Regarding the provisions for subsections (6) and (7), the question still remains of what would happen if there were a counter-offer from the European Union. My contention is that that should then be a matter for the Government to bring before the House in a statement, to be challenged in the usual way. If at that point the House was unsatisfied with the Government’s proposal, it would still be open to it, through an initiative of the sort we have seen today, to introduce a Bill placing a further constraint on the Government, perhaps by requiring them to accept a counter-offer, for instance of a two-year extension, so that we could have a fuller, longer and perhaps more considered debate on what in my view would be a really big decision, because we would have gone five years since the first referendum and achieved nothing. The risk of not leaving the European Union at all and ending up arguing about a second referendum would grow. I believe that opting for such a lengthy extension would a very big decision, and one that would warrant a separate Bill with a separate, much longer and much more detailed discussion.

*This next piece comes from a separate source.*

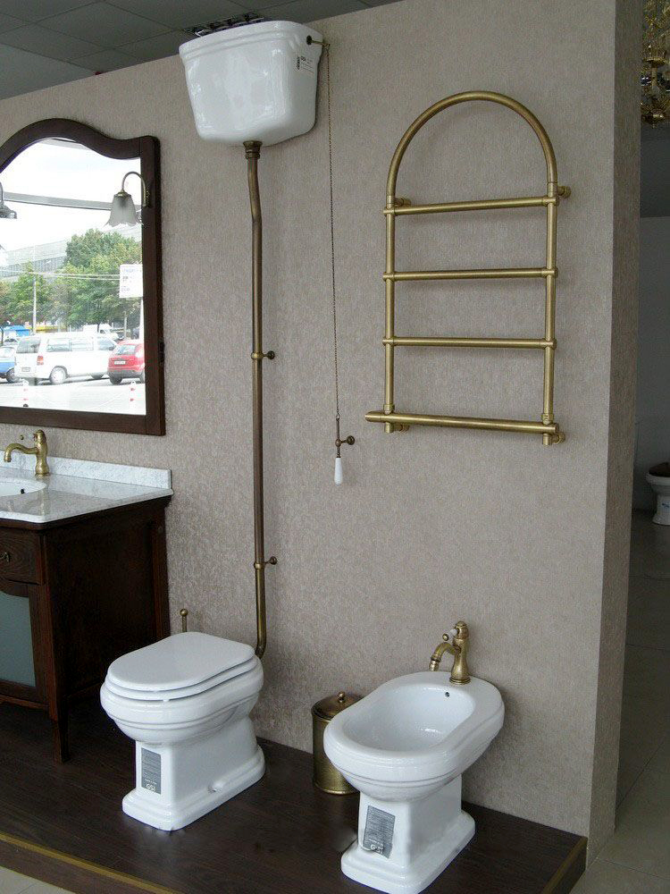 Комплектация: чаша унитаза, высокий бачок, механизм слива для высокого бачка с трубой и цепочкой в цвете золото, крепёж к полу;

My right hon. Friend is making an excellent speech. Is it not also true that the Prime Minister has invited the Leader of the Opposition to discuss the political declaration and the withdrawal agreement? The amendments tabled by the hon. Member for Stone (Sir William Cash) would effectively curtail those discussions. Should we not pass the Bill cleanly in order to maximise the opportunities for that process?
I will be speaking to my amendment, but I do not think that the right hon. Gentleman desires flexibility to deny Brexit altogether, given that he represents a leave constituency. The point of my amendment, which I hope he will look at a little more closely, is to stop the Prime Minister agreeing anything that may be unacceptable to the House. The date I have picked is the one currently being discussed by the European Union. Therefore, should the Prime Minister agree a date that the House finds unacceptable, she would have to come back to the House to suggest it, rather than being able to do what she can at the moment, which is to pick a date that this House may find unacceptable. That is the point of my amendment.
The right hon. Gentleman makes a compelling case on people’s concerns about what may happen in a Brexit without a withdrawal agreement, but the European Union has explained to us on many occasions that the withdrawal agreement is now basically a hermetically sealed box, and many of the things he discusses in relation to the future relationship, such as trading, are encompassed in the political declaration, which cannot be binding—we have been told that many times. I genuinely fail to understand why, if he is so concerned about our leaving without an agreement, he does not just vote for the withdrawal agreement and then set about making his case for what should be in the political declaration, which cannot be binding until we have formally left the European Union.
The right hon. Gentleman has been saying that he would like to have certainty—I completely accept the worries about a possible no deal and not knowing what is going on, which is crucial for businesses—but, in relation to the amendments restricting exactly how long the Prime Minister can agree to on her own, how will he feel if the Prime Minister comes back and says, “I have accepted, because I am able to, a two-year extension”, and all the uncertainty for his constituents about what will happen is magnified for two years?
On the points the right hon. Gentleman has made about amendment 6, does he not agree with me that, as opposed to representing a sincere interest in and respect for the devolved Administrations, it is a very clever way of preventing the quick and effective enactment of this Bill?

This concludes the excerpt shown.